╭─ Given information

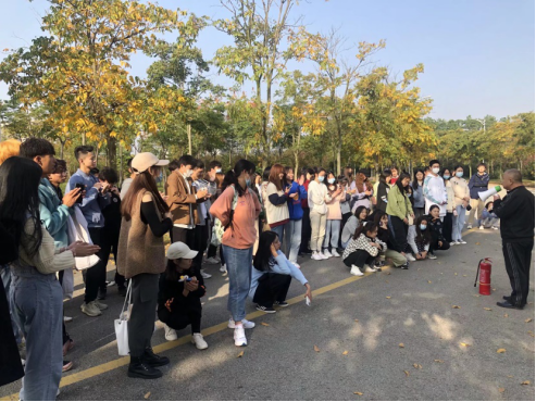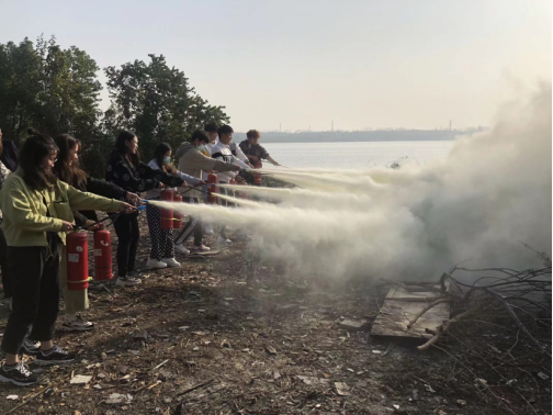 讲解结束后部分同学还在老师的指导下亲自操作灭火器灭火。不少同学表示,此次的消防安全演习与以往参加过的消防安全教育活动都不一样。第一次亲自操作灭火器灭火,虽然听到的原理和使用方法很简单,但在自己操作过程中还存在一定难度,需要更加熟练地运用。
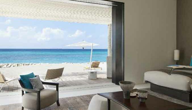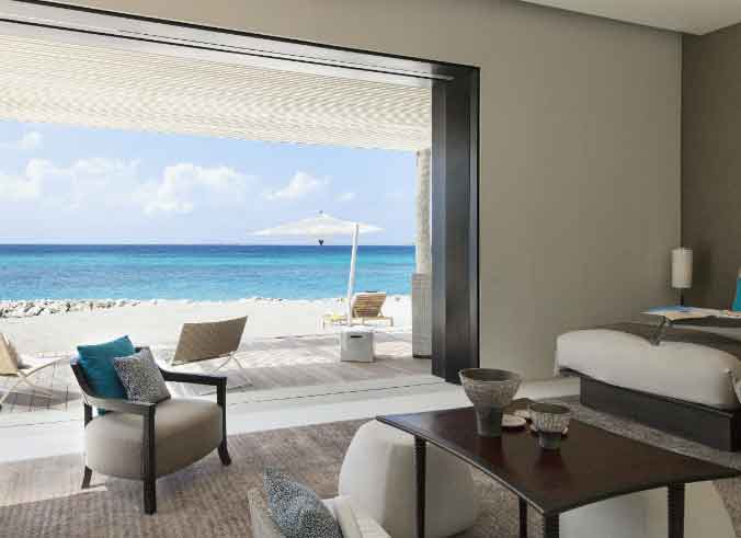 Opening onto both lush gardens and the crystal ocean, this rare dual-personality villa experience offers a spacious living room, powder room, master bedroom with a double dressing room, bathroom with indoor and outdoor rain showers, a bathtub and separate toilet.
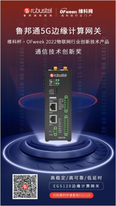 近日,由高科技行業(yè)門戶OFweek維科網(wǎng)主辦、OFweek物聯(lián)網(wǎng)承辦的“OFweek 2022(第七屆)物聯(lián)網(wǎng)產(chǎn)業(yè)大會”暨“維科杯·OFweek 物聯(lián)網(wǎng)行業(yè)年度評選”在深圳福田大中華喜來登酒店成功舉辦,會議期間有多家工業(yè)互聯(lián)網(wǎng)平臺榮獲獎項,其中,廣州魯邦通5G高性能工業(yè)邊緣計算網(wǎng)關(guān)EG5120一舉斬獲“維科杯•OFweek 2022物聯(lián)網(wǎng)行業(yè)創(chuàng)新技術(shù)產(chǎn)品獎——通信技術(shù)創(chuàng)新獎”,受到場企業(yè)與專家關(guān)注。
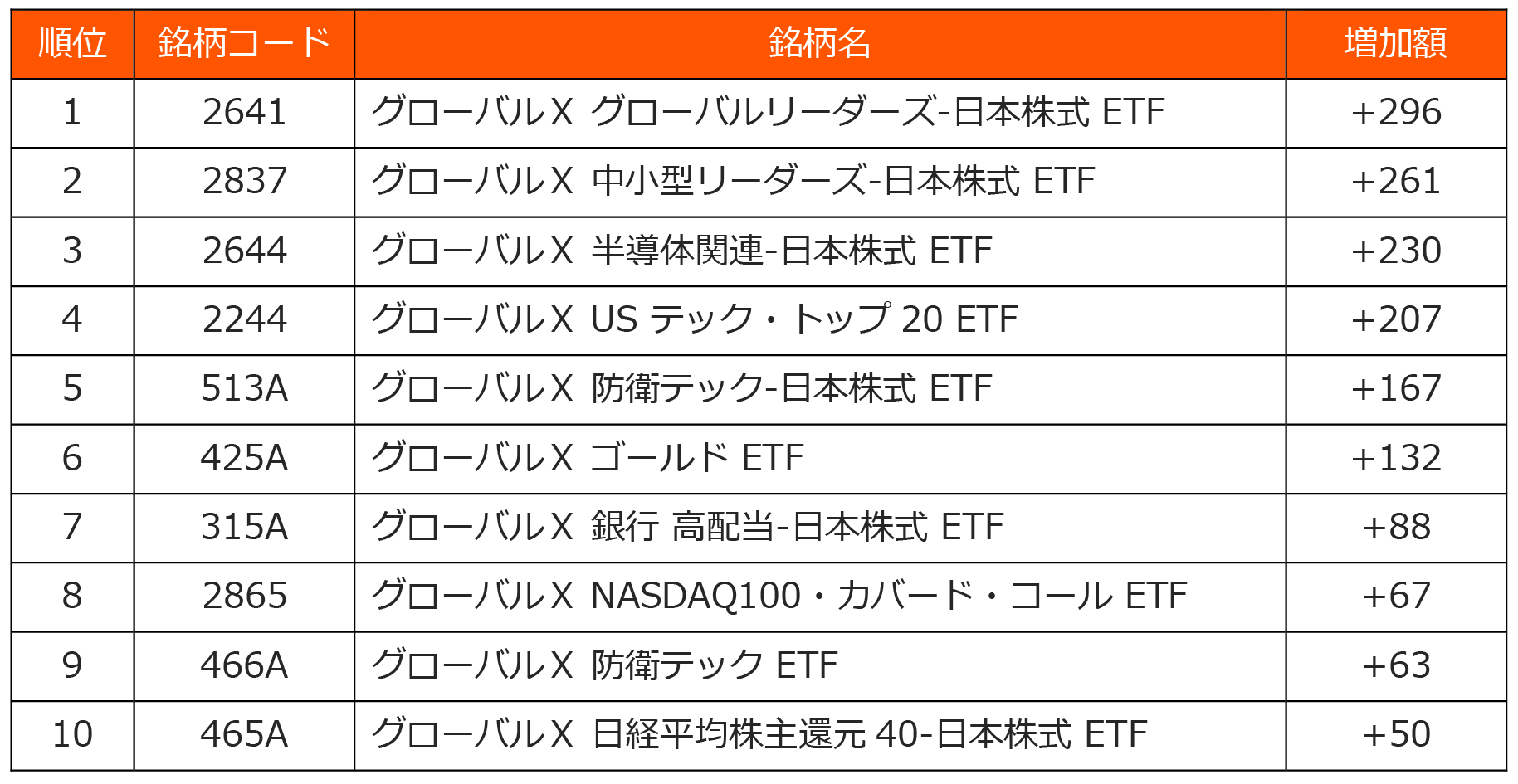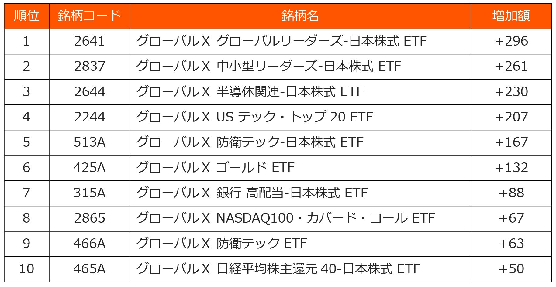国際情勢の不確実性を背景に株式市場には不透明感が広がっていますが、当社ETFの中では、機関投資家からは「グローバルX グローバルリーダーズ-日本株式 ETF」(銘柄コード:2641)や「グローバルX中小型リーダーズ-日本株式 ETF」(銘柄コード:2837)等のコア銘柄に資金が流入する一方、個人投資家を中心に「グローバルX ゴールドETF」(銘柄コード:425A)、「グローバルX 防衛テック ETF」(銘柄コード:466A)、「グローバルX 防衛テック-日本株式 ETF」(銘柄コード:513A)等、インフレや地政学的リスクに関連する商品への資金流入が拡大しています。

╰─

• [What the exercise asks]: Please return only the lines from the top of the data through the line with "Opening onto both", exactly as written, and drop every picture.

• [Answer below]:
 讲解结束后部分同学还在老师的指导下亲自操作灭火器灭火。不少同学表示,此次的消防安全演习与以往参加过的消防安全教育活动都不一样。第一次亲自操作灭火器灭火,虽然听到的原理和使用方法很简单,但在自己操作过程中还存在一定难度,需要更加熟练地运用。
 Opening onto both lush gardens and the crystal ocean, this rare dual-personality villa experience offers a spacious living room, powder room, master bedroom with a double dressing room, bathroom with indoor and outdoor rain showers, a bathtub and separate toilet.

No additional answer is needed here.